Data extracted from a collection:
------------------------------------

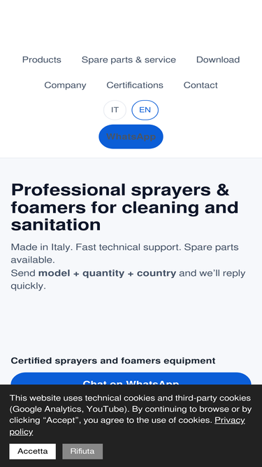 lanzoni italy, manufacturer of washing equipments: pneumatic / electric sprayers and foamers.
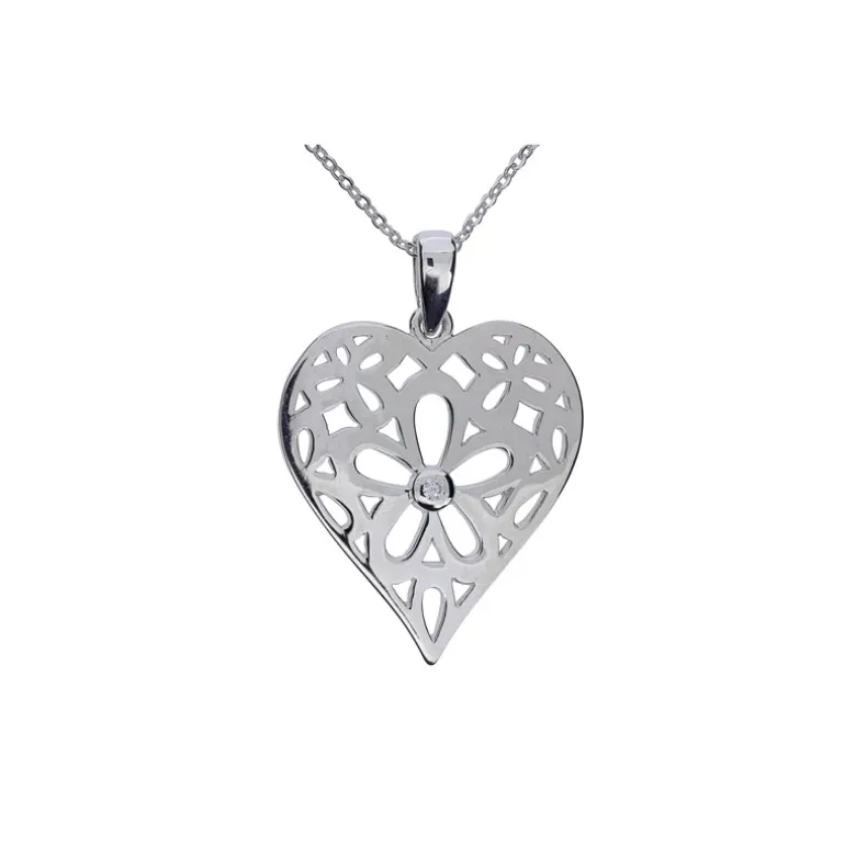 Genombrutet hjärta med mönster och blomma med vit sten.
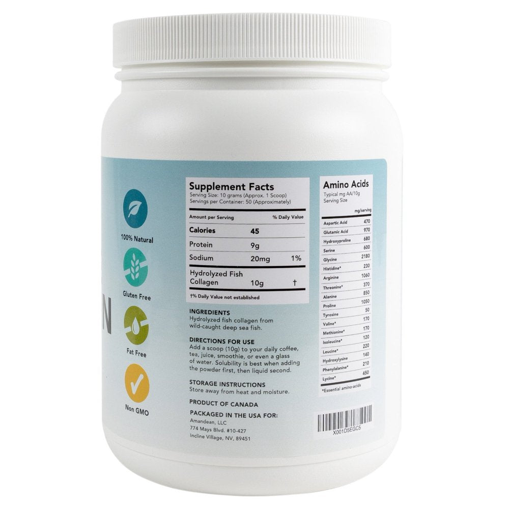 HIGHEST QUALITY & GREAT PRICE Amandean Marine Collagen Peptides are sourced from wild-caught fish in the pristine waters of the North Atlantic. Unflavored, easy to mix powder, and enzymatically processed to keep the peptides intact. Single ingredient from a transparent and sustainable source.
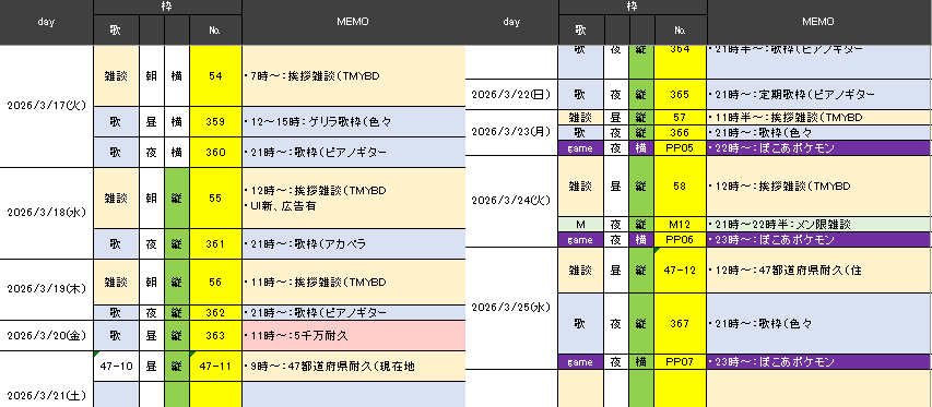 - メン限 雑談枠:2回(M11~12)
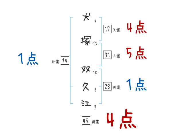 犬塚双久江さんの画数の鑑定結果
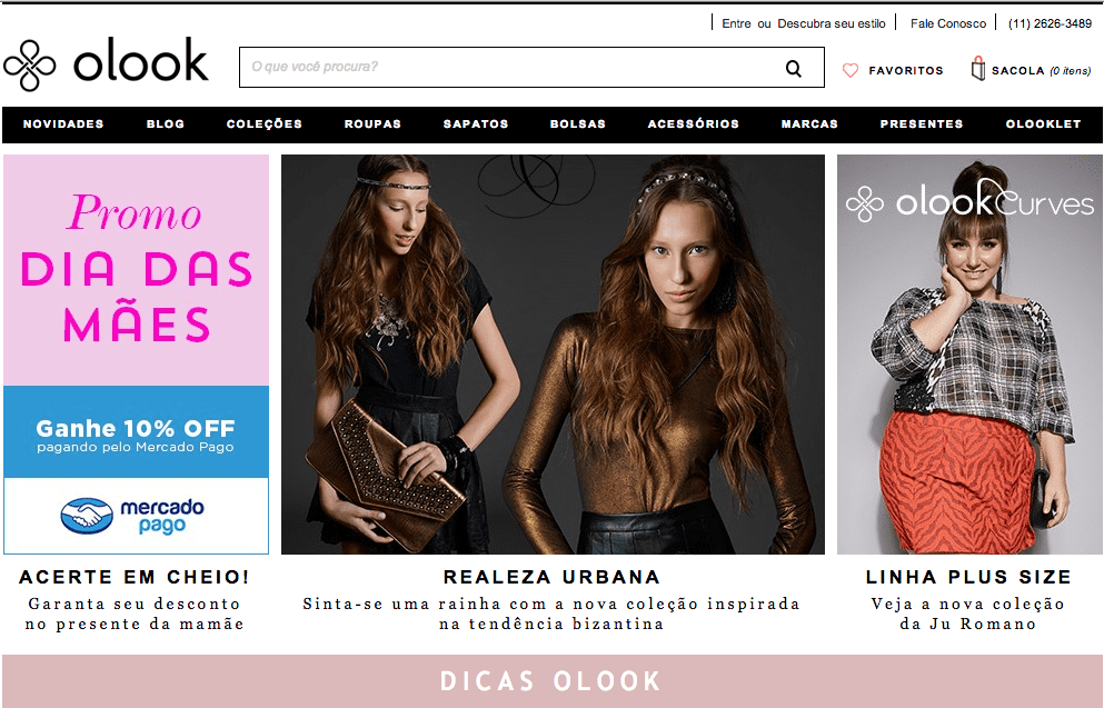 O e-commerce Olook destacou-se por oferecer uma experiência diferenciada de compra, recomendando uma vitrine com produtos selecionados de acordo com o perfil identificado da consumidora, após o preenchimento de um rápido style quiz (uma enquete que avalia o estilo da mulher).

------------------------------------

**Your assignment**
All of the records need repeating exactly, except for the pictures.

**Answer space**
 lanzoni italy, manufacturer of washing equipments: pneumatic / electric sprayers and foamers.
 Genombrutet hjärta med mönster och blomma med vit sten.
 HIGHEST QUALITY & GREAT PRICE Amandean Marine Collagen Peptides are sourced from wild-caught fish in the pristine waters of the North Atlantic. Unflavored, easy to mix powder, and enzymatically processed to keep the peptides intact. Single ingredient from a transparent and sustainable source.
 - メン限 雑談枠:2回(M11~12)
 犬塚双久江さんの画数の鑑定結果
 O e-commerce Olook destacou-se por oferecer uma experiência diferenciada de compra, recomendando uma vitrine com produtos selecionados de acordo com o perfil identificado da consumidora, após o preenchimento de um rápido style quiz (uma enquete que avalia o estilo da mulher).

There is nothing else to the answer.